Gastos com saúde ultrapassam piso constitucional em 2025
Segundo a segunda edição de relatório da Confederação Nacional de Municípios (CNM), os municípios aplicaram em 2025, em média, 22,2% da receita proveniente de impostos e transferências constitucionais em ações e serviços de saúde, 7,2 pontos percentuais acima do piso constitucional de 15% estabelecido pela Emenda Constitucional 29/2000.
O levantamento, baseado em dados do Sistema de Informações sobre Orçamentos Públicos em Saúde (Siops), revela que 99,6% dos 5.560 municípios que prestaram informações cumpriram o limite mínimo constitucional. No entanto, 1.448 cidades aplicaram mais de 25% de suas receitas próprias em saúde, e 445 ultrapassaram o dobro do valor exigido.

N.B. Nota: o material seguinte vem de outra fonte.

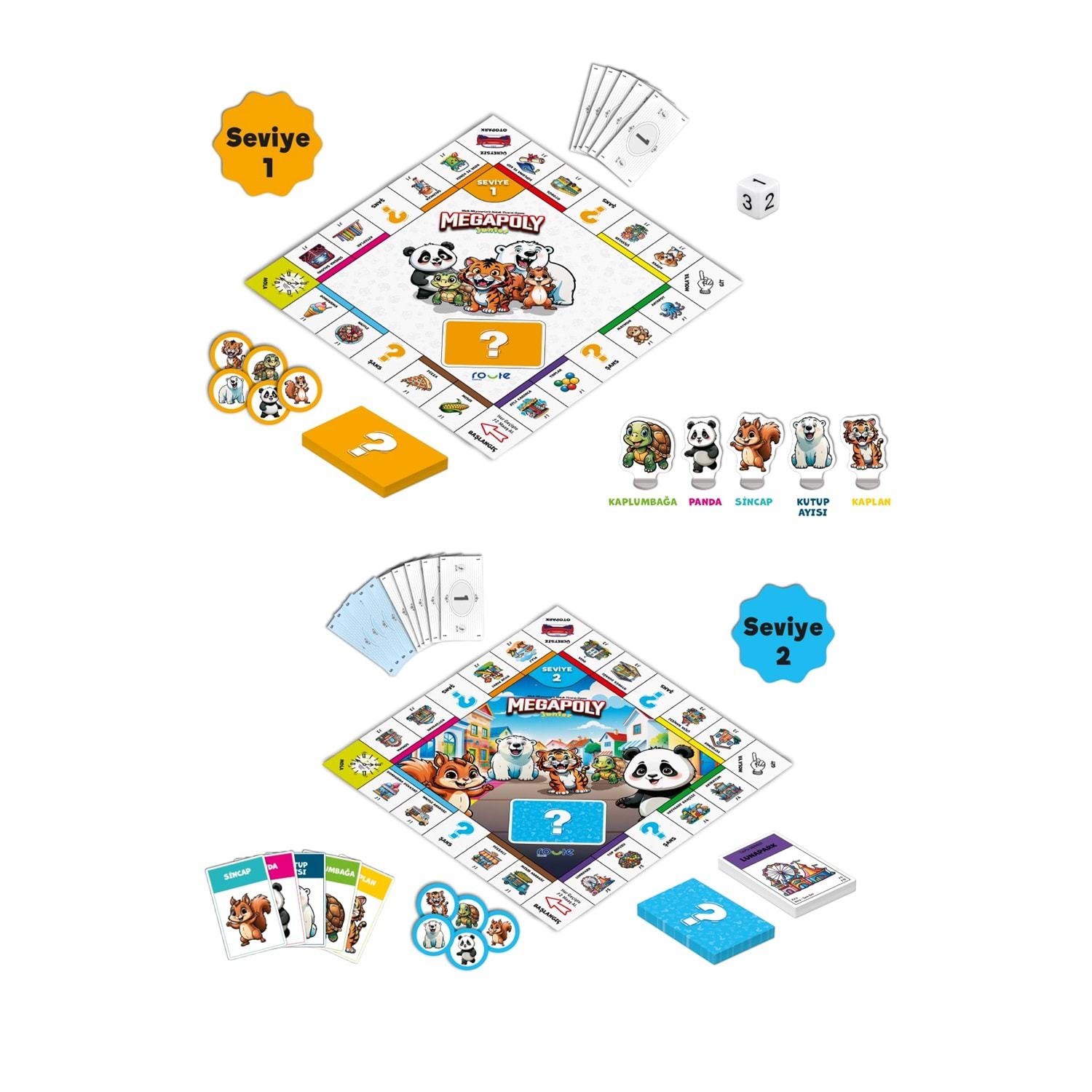 İÇİNDEKİLER • Çift Taraflı Oyun Alanı • 5 Junior Piyonu • 5 Karakter Kartı • 16 Tapu Senedi • 17 Seviye 1 Şans Kartı • 17 Seviye 2 Şans Kartı • 60 “Satıldı” Tabelası (her piyon için 12 adet) • 1 Zar • Para Destesi (90 birlik, 90 beşlik)

Paulo Ziulkoski, presidente da CNM, destacou que a pressão orçamentária vai além da escassez de recursos, apontando desafios como novos modelos de remuneração por “pacotes” e a fragmentação do financiamento via programas federais, como o Programa Agora Tem Especialistas (PATE).
Comprometimento orçamentário por estado
Os maiores percentuais médios de aplicação em saúde foram observados em São Paulo (25,1%), Ceará (24,8%) e Rio de Janeiro (24,6%). Esses dados evidenciam um padrão de elevado comprometimento orçamentário dos entes municipais, com potenciais repercussões sobre a sustentabilidade fiscal local.

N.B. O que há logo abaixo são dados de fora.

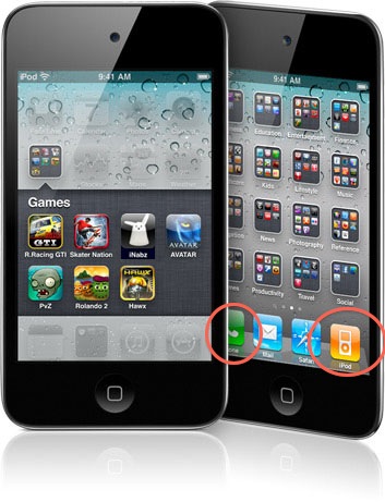 J’en parlais hier sur Twitter, Apple laisse de petites erreurs dans ses pages. Comme on le voit, ce sont des images d’iOS 4.1 pour iPhone, sur un iPod touch 4G. Et ce dernier n’a normalement pas d’icône iPod ni d’icône téléphone…

Principais despesas em saúde
A principal despesa municipal em saúde foi com Assistência Hospitalar e Ambulatorial, que representou 43,5% dos gastos em 2020 e 45,8% em 2025, totalizando R$ 155 bilhões. A Atenção Primária à Saúde (APS) aumentou de 34,6% para 36,2% no mesmo período, totalizando R$ 122 bilhões.
De cada R$ 100 investidos em saúde, cerca de R$ 82 foram destinados à Assistência Hospitalar ou à APS.
Em nota, a CNM defende medidas que readequem o modelo de financiamento do SUS, buscando uma participação mais equitativa entre União, estados e municípios.